The NVIDIA RTX 4060 Ti 8GB is fundamentally incompatible with running the Llama 3.3 70B model due to insufficient VRAM. Llama 3.3 70B in FP16 precision requires approximately 140GB of VRAM to load the model weights and intermediate activations. The RTX 4060 Ti 8GB only provides 8GB of VRAM, resulting in a massive VRAM deficit of 132GB. This means the model cannot be loaded onto the GPU in its native FP16 format.
Even with aggressive quantization techniques, the model's memory footprint will likely remain significantly larger than the available VRAM. While quantization can reduce the size of the model, the 70B parameter count is simply too large for the 8GB VRAM capacity of the RTX 4060 Ti. The memory bandwidth of 0.29 TB/s, while decent for gaming, will be a bottleneck even if the model could somehow fit into the limited VRAM, resulting in extremely slow inference speeds. The 4352 CUDA cores and 136 Tensor cores, while helpful, cannot overcome the fundamental limitation imposed by the lack of VRAM.

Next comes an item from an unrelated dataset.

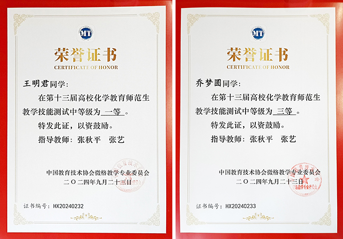 近日,第十三届全国高校化学师范生教学能力测试与交流展示活动圆满落幕。本次比赛吸引了来自全国65所本科高校、24所研究生院校的化学专业优秀师范生及指导教师共400余人参加。Beat365理工学院化学专业学生王明君和乔梦圆在此次大赛中表现卓越,分别斩获一等奖、三等奖。
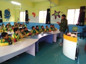 据咸宁市义工组织相关负责人介绍,此次该公益组织援建咸宁的“魔法教室”以“海洋之心”为主题,面积为130平米,该教室将娱乐性与学习性有机结合,让孩子们玩在其中,学有所得。赵骥/摄

Due to the severe VRAM limitation, running Llama 3.3 70B directly on the RTX 4060 Ti 8GB is not feasible. Consider using cloud-based inference services like NelsaHost, Google Colab Pro, or RunPod, which offer GPUs with significantly more VRAM. Alternatively, you could explore model distillation techniques to create a smaller, more manageable model that can run on your hardware, although this would come at the cost of accuracy. Another option is to offload layers to system RAM, but this will result in extremely slow performance and is generally not recommended for interactive use.